Магистральный канал - Макар Последович
Шрифт:
Интервал:
Закладка:
— Жалко мне тебя. Ведь у тебя выработано только сорок два дня. Если ты увезешь на рынок все, что заработал, что же тогда сам-то есть будешь? Вот если б ты выработал, как другие, по триста — четыреста трудодней, тогда бы я и грузовика не пожалел.
— Захар Петрович!
— Не проси. Напрасно.
В первый же год его председательства колхозники получили на трудодни в два раза больше, чем получали раньше. Колхоз из самых отсталых в районе вышел в самые передовые. «Зеленый Берег» первым выполнял хлебопоставки, на фермах во много раз увеличилось поголовье скота и птицы. Но не успел Захар Петрович и оглядеться, как его вызвали в райком партии.
— Вот что, Захар Петрович, — заговорил первый секретарь, покручивая пуговицу на пиджаке председателя. — Ты этот колхоз поставил на ноги, там теперь обойдутся без тебя. Мы хотим тебе дать ответственное поручение — возглавить «Красные Дубки». Этот колхоз сейчас в большом прорыве. Поговорили мы тут, перебрали людей и решили: только ты один и можешь поставить этот колхоз на ноги.

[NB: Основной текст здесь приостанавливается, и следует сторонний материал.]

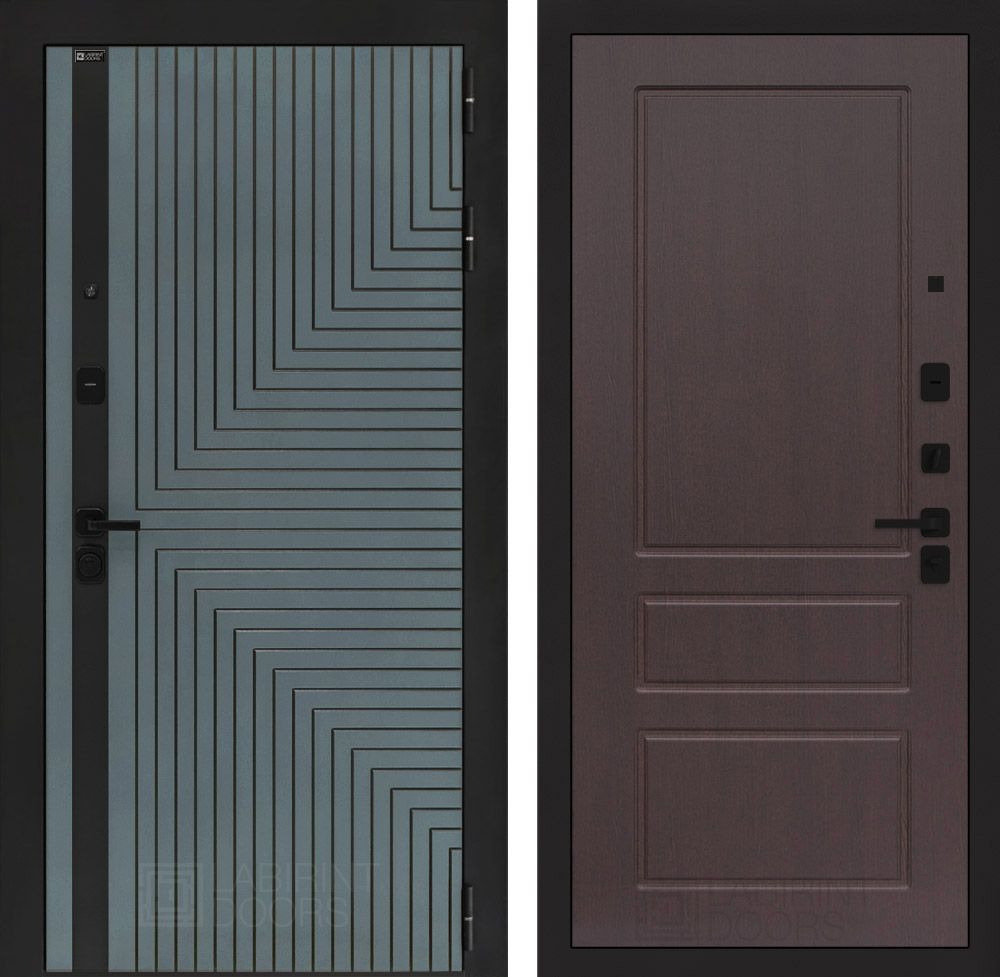 Отделка снаружи: Фрезерованная МДФ панель 10 мм, цвет «Velutto Verde» с патиной и вставкой из металла в цвет наличника

И Захар Петрович «покатил» ставить на ноги колхоз «Красные Дубки». Опять началась та же история, что и в «Зеленом Береге». А через два года снова сидел Захар Петрович в райкоме и снова первый секретарь крутил пуговицу на его пиджаке:
— Понимаешь, какое дело… Колхозники «Новой Жизни» просят, чтобы мы тебя послали к ним председателем. Придется тебе туда прокатиться.
Десять лет так «катался» Захар Петрович. За это время побывал председателем в четырех колхозах. Приезжал он в деревню, где колхозные строения мало чем отличались от обычных деревенских гумен и хлевов, а через год-два радовали глаз просторные, с широкими окнами птичники, длиннющие коровники, большие амбары. На пустом когда-то поле зеленели тысячи молодых плодовых деревьев.
И в районе все уже знали, что здесь потрудился неугомонный Захар Петрович Бруй, бывший литейщик.
И снова вызвал его секретарь райкома. Снова взялся за пуговицу. Но Захар Петрович решительно отвел его руку:
— Товарищ Миклуш! Погляди ты на мои волосы. Они были черными, когда я сюда приехал. Теперь, после десятилетнего беспрестанного «катания», они поседели. Жена и дети пригрозили, что, если я не перестану «кататься», — они бросят меня и переедут в город. Я уже десять лет не распаковываю чемоданы и узлы. А все происходит оттого, что мы не умеем растить актив на месте…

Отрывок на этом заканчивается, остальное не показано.